第58回「趣味は機織」《天》
評価について
本選句欄は、以下のような評価をとっています。
「並選」…推敲することで「人」以上になる可能性がある句。
「ハシ坊」…ハシ坊くんと一緒に学ぶ。
特に「ハシ坊」の欄では、一句一句にアドバイスを付けております。それらのアドバイスは、初心者から中級者以上まで様々なレベルにわたります。自分の句の評価のみに一喜一憂せず、「ハシ坊」に取り上げられた他者の句の中にこそ、様々な学びがあることを心に留めてください。ここを丁寧に読むことで、学びが十倍になります。
「並選」については、ご自身の力で最後の推敲をしてください。どこかに「人」にランクアップできない理由があります。それを自分の力で見つけ出し、どうすればよいかを考える。それが最も重要な学びです。

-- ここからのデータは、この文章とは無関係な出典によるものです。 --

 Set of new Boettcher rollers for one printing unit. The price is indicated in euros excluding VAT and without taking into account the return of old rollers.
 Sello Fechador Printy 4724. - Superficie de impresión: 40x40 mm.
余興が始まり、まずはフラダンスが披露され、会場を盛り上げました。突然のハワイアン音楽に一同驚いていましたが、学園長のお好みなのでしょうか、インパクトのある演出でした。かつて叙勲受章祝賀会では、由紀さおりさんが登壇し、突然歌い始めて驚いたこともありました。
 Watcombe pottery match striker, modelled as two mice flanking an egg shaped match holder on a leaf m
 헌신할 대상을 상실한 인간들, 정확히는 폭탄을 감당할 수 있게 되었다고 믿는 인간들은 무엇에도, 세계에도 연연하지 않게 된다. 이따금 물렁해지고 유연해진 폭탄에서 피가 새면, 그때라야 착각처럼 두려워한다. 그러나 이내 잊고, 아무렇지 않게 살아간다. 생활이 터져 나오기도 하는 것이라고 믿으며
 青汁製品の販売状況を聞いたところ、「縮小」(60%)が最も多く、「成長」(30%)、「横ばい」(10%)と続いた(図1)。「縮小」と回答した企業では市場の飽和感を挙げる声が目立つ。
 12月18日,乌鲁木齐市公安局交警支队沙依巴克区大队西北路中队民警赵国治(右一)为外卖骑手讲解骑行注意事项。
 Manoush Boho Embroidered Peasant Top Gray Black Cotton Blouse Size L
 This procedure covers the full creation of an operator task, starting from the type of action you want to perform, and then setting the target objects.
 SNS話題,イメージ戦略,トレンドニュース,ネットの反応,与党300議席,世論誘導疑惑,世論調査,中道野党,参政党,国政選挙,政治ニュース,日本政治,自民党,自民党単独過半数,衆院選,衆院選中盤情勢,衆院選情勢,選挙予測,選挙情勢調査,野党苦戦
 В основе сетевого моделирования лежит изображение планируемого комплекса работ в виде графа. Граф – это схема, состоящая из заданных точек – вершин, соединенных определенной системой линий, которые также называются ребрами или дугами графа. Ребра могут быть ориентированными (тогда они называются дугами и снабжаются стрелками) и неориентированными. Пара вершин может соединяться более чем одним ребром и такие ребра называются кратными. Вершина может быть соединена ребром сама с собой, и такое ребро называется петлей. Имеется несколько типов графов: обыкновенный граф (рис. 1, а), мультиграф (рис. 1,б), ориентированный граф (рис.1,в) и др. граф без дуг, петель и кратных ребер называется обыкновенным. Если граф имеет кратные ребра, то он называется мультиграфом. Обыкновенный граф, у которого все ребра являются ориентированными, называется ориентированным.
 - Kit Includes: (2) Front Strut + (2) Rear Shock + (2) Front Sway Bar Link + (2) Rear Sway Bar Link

安易に添削を求めるだけでは、地力は身につきません。己の頭で考える習慣をつけること。そのためにも「ハシ坊」に掲載される句を我が事として、真摯に読んでいただければと願います。

天
第58回
織り上げて窓に糸瓜の花灯る
三尺 玉子
今回の兼題写真に対して、どんな布をどんな人がどんなふうに織っているのか。布の種類や色、目的等を書くことで、なんとか独自性と真実味を獲得しようと苦心した句が多く寄せられました。

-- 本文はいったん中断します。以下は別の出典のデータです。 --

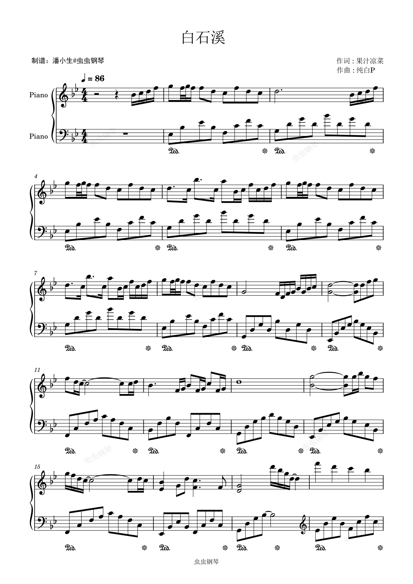 钢琴谱:白石溪 独奏版 钢琴五线谱 洛天依 乐正绫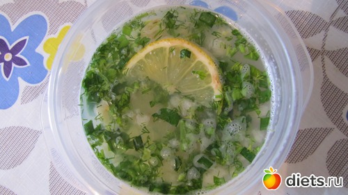 Рыбу и зелень перемешала. Немного добавила в бульон - получилась похлебка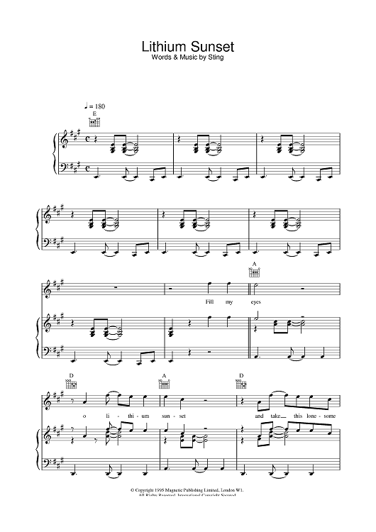 Digital Sheet Music for Lithium Sunset by Sting scored for Piano/Vocal/Chords; id:376139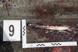 ![]() Toh Sia Guan's bloodstained knife, which he used to attack and kill Goh. | |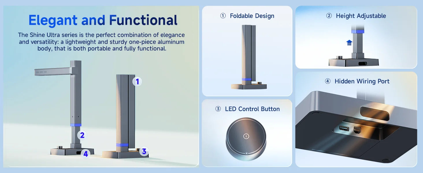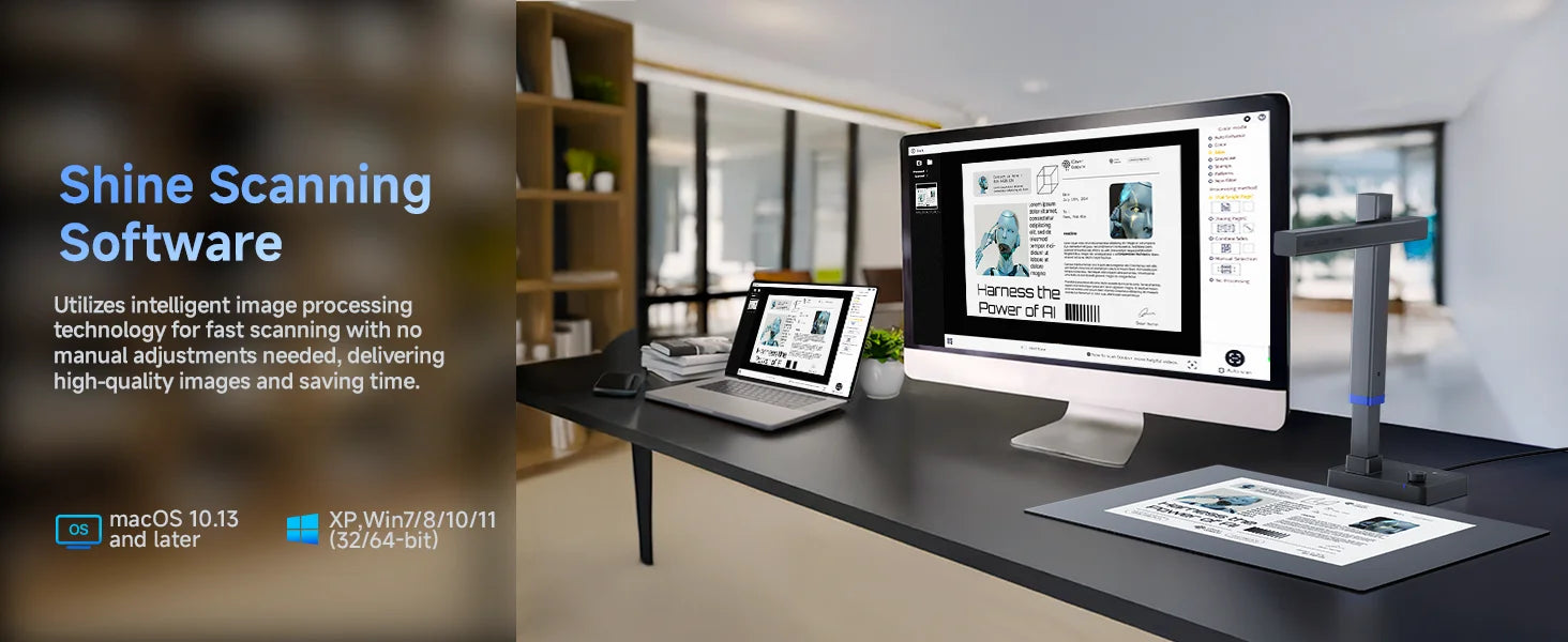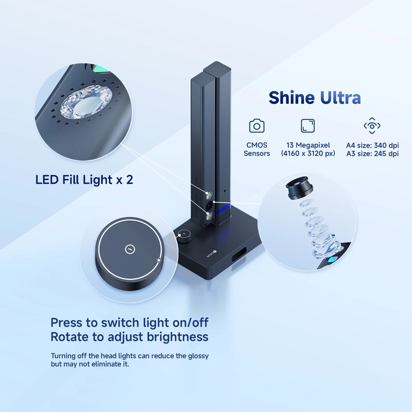 CZUR Shine Ultra Portable 13MP Book Scanner Flatten Curve Technology Capture Max A3 Document Fast Scan for Office Library School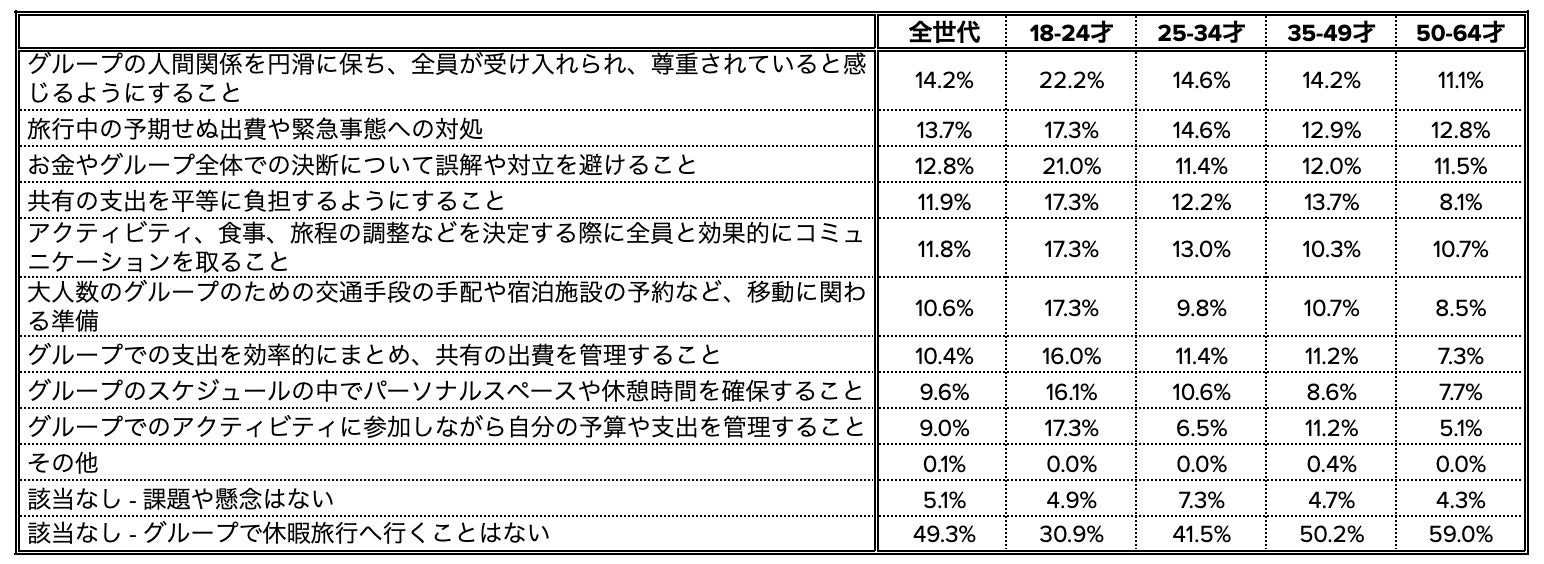 その中でも18-24世代は他の世代に比べて懸念や課題を感じており、多くの項目で最も割合が多い結果になり、年齢が上がるほど数値が下がる傾向にあります。「グループの人間関係を円滑に保ち、全員が受け入れられ、尊重されていると感じるようにすること」が22.2%、「お金やグループ全体での決断について誤解や対立を避けること」が21.0%、「共有の支出を平等に負担するようにすること」が17.3%、「グループでのアクティビティに参加しながら自分の予算や支出を管理すること」が17.3%と比較的高く、”割り勘”や”立て替え”などによるお金にまつわる遠慮や人間関係トラブルを気にする傾向が見られました。

この句を「天」に推したいと考えたのは、兼題写真を発想のジャンピングボードとしつつ、そこには写っていない季語との出会いを見事に描写している点です。
まず、上五「織り上げて」で、機織り機とそこに掛けられている完成した織物、仕上げた人物等が一気に立ち上がってきます。上五を「織り上げぬ」のような完了の意味ではなく、「織り上げて」(=複合動詞「織り上ぐ」の連用形「織り上げ」+助詞「て」)の形にすることで、織り上げてからのささやかな時間経過も伝わります。何気ない上五のように見えますが、経済効率の良い表現なのです。
更にこの句は、上五「~て」から「窓に」と展開します。窓の外に糸瓜棚があり、小さな黄色い花が咲いている。ここまでの映像の作り方がとてもなめらかな。自然な視線の誘導によって、「糸瓜の花」に焦点を当てていきます。
そして、一句の眼目となるのが「灯る」の一語。糸瓜の花の色合いや花の付き具合等、いかにも「灯る」という風情です。
写真から俳句を作るのは苦手という声も時々届きますが、それは、ふだんからの季語との出会いの数と精度が低いからではないかと推測します。掲出句のように、兼題写真の向こうに季語が見えてくる。季語との出会いを体内に豊富に抱えることが、新鮮で豊かな作品を結球させる力となっていきます。